[Start of Attachment]
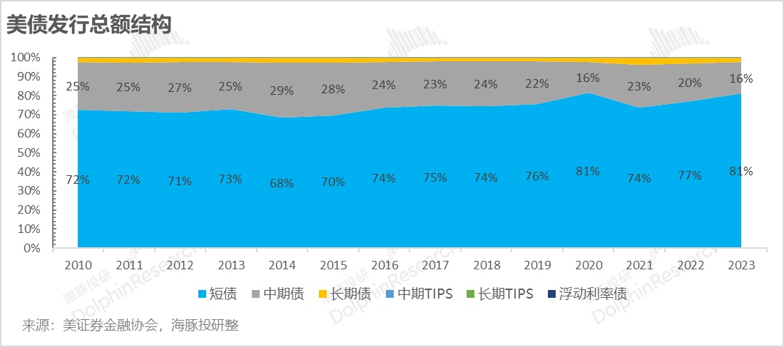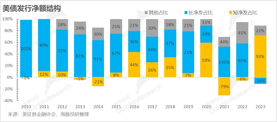 A)美国财政截止 7 月底,基本都在用短债融资,发行比例严重畸形(下图 2023 年为 2023 年截止 7 月底的数据)。
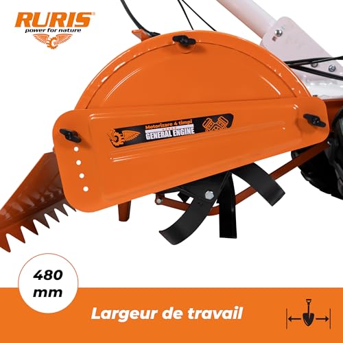 - Le motoculteur semi-professionnel RURIS 5800R est équipé d'un moteur général 4 temps, plus fiable et équilibré, avec une boîte de vitesses à 2 vitesses, 1 avant et 1 arrière.
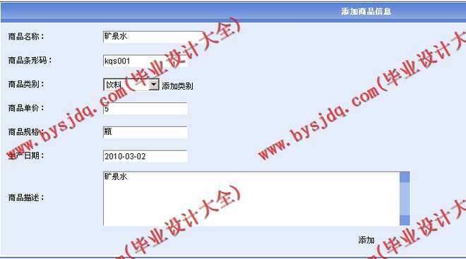 商品资料管理包括了对KTV中的商品信息进行添加,修改,删除以及销售管理等操作。
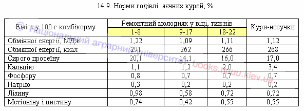 Норми годівлі ремонтного молодняку і курей-несучок представлені в таблиці 14.9. Раціони для яєчних курей складають з урахуванням змін потреби птахів в поживних речовинах, віку і продуктивності. Неповноцінна годівля ремонтних курочок, особливо у віці 17-18 тижнів, може негативно вплинути на розвиток органів яйцеутворення.
[End of Attachment]
- Task instructions:
Apart from the images, every line above needs to be printed again exactly.

- Answer box:
 A)美国财政截止 7 月底,基本都在用短债融资,发行比例严重畸形(下图 2023 年为 2023 年截止 7 月底的数据)。
 - Le motoculteur semi-professionnel RURIS 5800R est équipé d'un moteur général 4 temps, plus fiable et équilibré, avec une boîte de vitesses à 2 vitesses, 1 avant et 1 arrière.
 商品资料管理包括了对KTV中的商品信息进行添加,修改,删除以及销售管理等操作。
 Норми годівлі ремонтного молодняку і курей-несучок представлені в таблиці 14.9. Раціони для яєчних курей складають з урахуванням змін потреби птахів в поживних речовинах, віку і продуктивності. Неповноцінна годівля ремонтних курочок, особливо у віці 17-18 тижнів, може негативно вплинути на розвиток органів яйцеутворення.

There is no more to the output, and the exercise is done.